この資格は、国際的に通用するEMCエンジニア資格として知られており、
試験はKEC(一般社団法人KEC関西電子工業振興センター)が日本の試験運営を担当しています。
私自身、最初の受験では不合格という悔しい結果に終わりましたが、翌年の再挑戦で無事に合格を手にすることができました。
この記事では、その過程を包み隠さず、リアルな体験談としてまとめています。
iNARTE EMC Engineerとは?
まず簡単に資格の概要を整理しておきましょう。
iNARTE(International Association for Radio, Telecommunications and Electromagnetics)は、EMCをはじめとした電磁分野の専門資格を認定する国際機関です。
日本では、KECが公式パートナーとして試験運営を行っており、「EMC Technician」、**「EMC Engineer」**の2段階があります。
EMC Engineerは、EMCに関する知識や実務経験を総合的に問う資格で、試験+実務経験+推薦状が合格要件です。
特に実務経験が重要視されるため、試験問題も現場を理解していないと難しいものが多いです。
※実務経験が足りていなくても受験自体は出来ます。

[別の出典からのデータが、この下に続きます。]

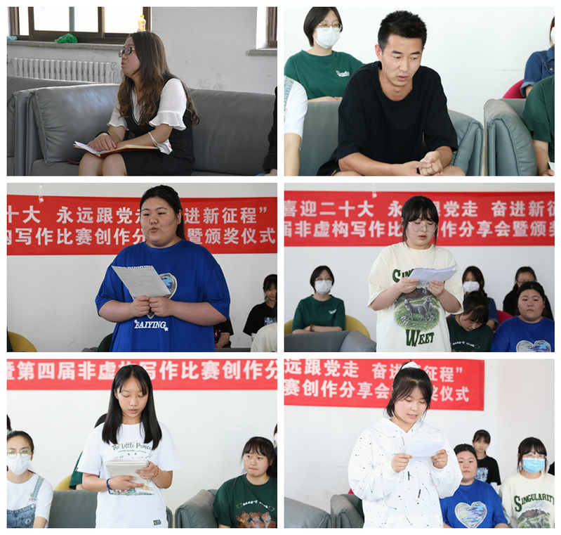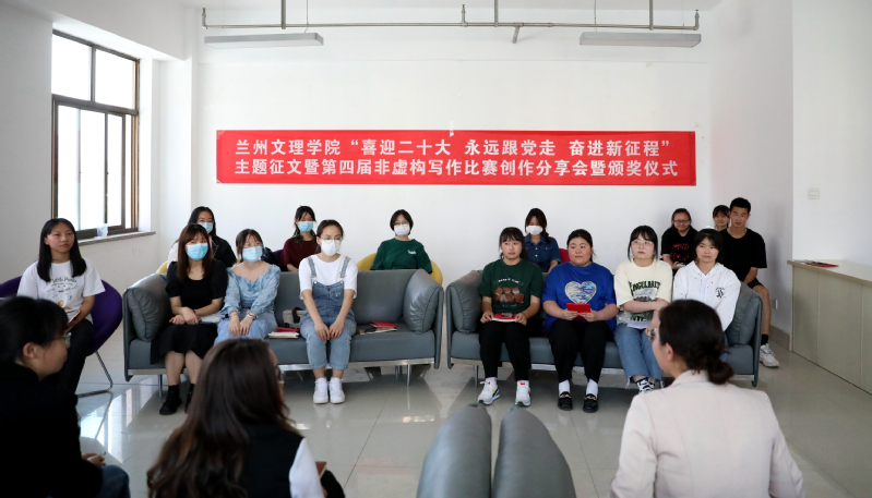 5月31日下午,Beat365唯一官方网站“喜迎二十大 永远跟党走 奋进新征程”主题征文暨第四届非虚构写作比赛创作分享会暨颁奖仪式在三号楼五楼书吧举办。校团委安婧、牛晓春老师,文学院青年教师、河柳文学社指导教师奂菲与本次写作比赛获奖学生代表共同参加活动。文学院分团委贾娜老师主持。

推薦状も上司とかに貰えば問題無いです。
試験形式の変化:対面からWeb試験へ
私が受験したのは、ちょうどコロナ禍で対面試験からWeb試験へ移行した時期でした。
以前はKECの試験会場に行って、紙の問題冊子に回答する形式でしたが、私の受験時には完全にオンライン方式へと切り替わっていました。

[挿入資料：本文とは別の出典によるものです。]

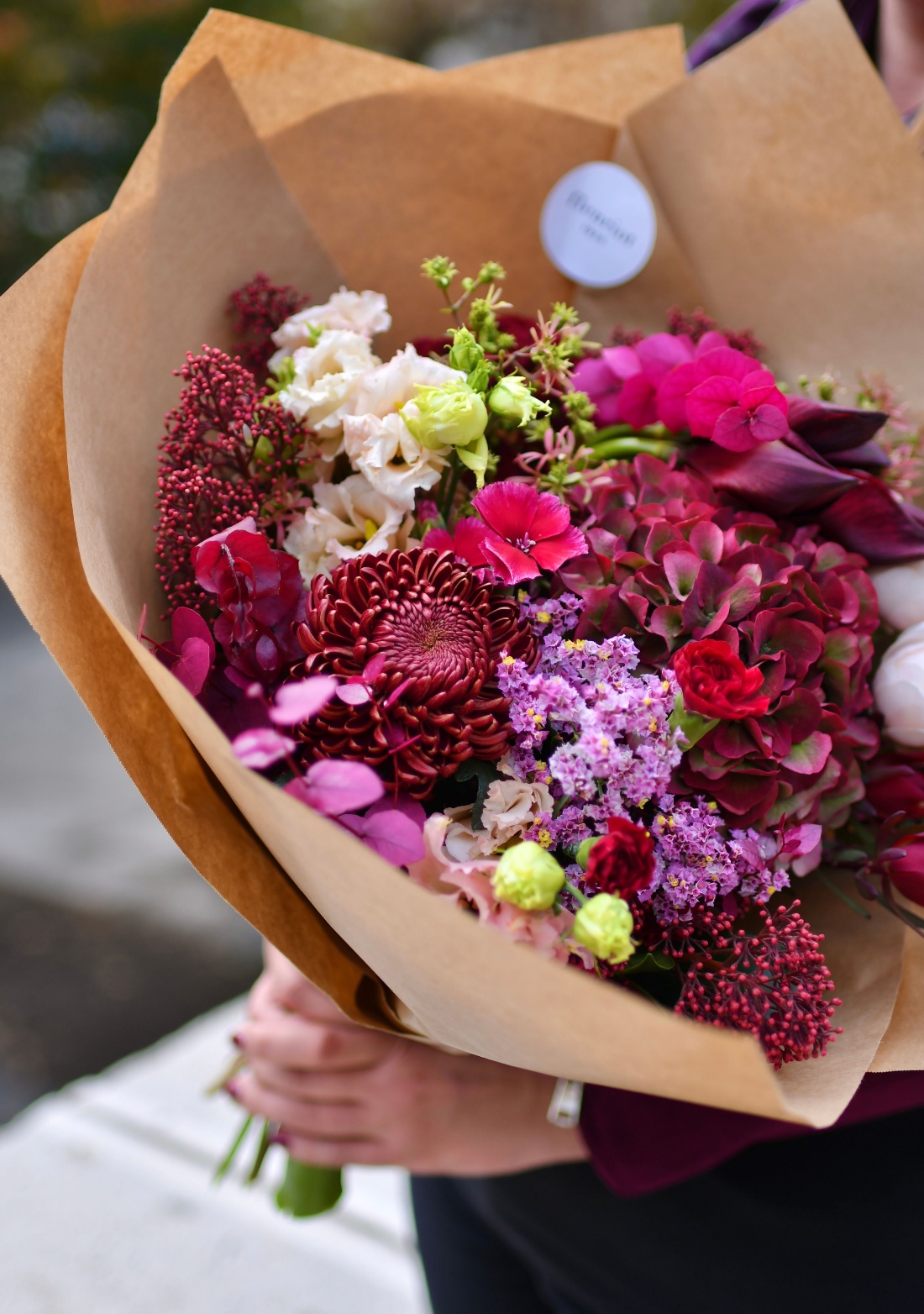 Un doux murmure d'automne, le bouquet November Rain incarne parfaitement l'esprit de novembre avec ses nuances profondes de bordeaux et ses fleurs automnales. C’est un hymne aux jours gris et aux pluies fines qui dansent sur les trottoirs de Genève. Alors, qu’il pleuve ou qu’il vente, avec November Rain entre les mains, c’est l’automne qui s’invite dans votre intérieur ! Le bouquet sur la photo est à 85.-. Chaque création florale est unique et réalisée avec le choix des fleurs du jour, en s’adaptant au mieux à vos envies et votre budget. Tous nos bouquets de fleurs, arrangements de fleurs et bouquets de roses sont confectionnées par nos fleuristes. La réalisation d’une composition florale demande du temps, nous nous engageons à vous avertir dès que votre commande est prête.

このWeb方式では、受験前に顔写真付きの身分証明書の提出が必要になります。
さらに、パソコンのカメラとスマホのカメラを同時に使用して監視される仕組みが導入されており、不正行為ができないようになっています。
(スマホは後ろからの映像を送る形で設置します)
つまり、「家で受験できる」とはいっても、実際にはかなり厳重な監視下で行われるオンライン試験です。
出題形式と難易度
試験はすべて 日本語で出題 されます。
問題形式は選択式(4択が中心)で、EMCの基礎理論、測定法、設計、法規、規格など幅広い範囲から出題されます。
特に、「CISPR規格」「ISO 11452」「IEC 61000シリーズ」など、実務で関わる規格内容を理解していないと難しい問題が多い印象です。
1回目の受験:まさかの不合格
正直に言うと、1回目の受験時はあまり勉強していませんでした。
理由は単純で、**「オープンブックだから何とかなるだろう」**と思っていたからです。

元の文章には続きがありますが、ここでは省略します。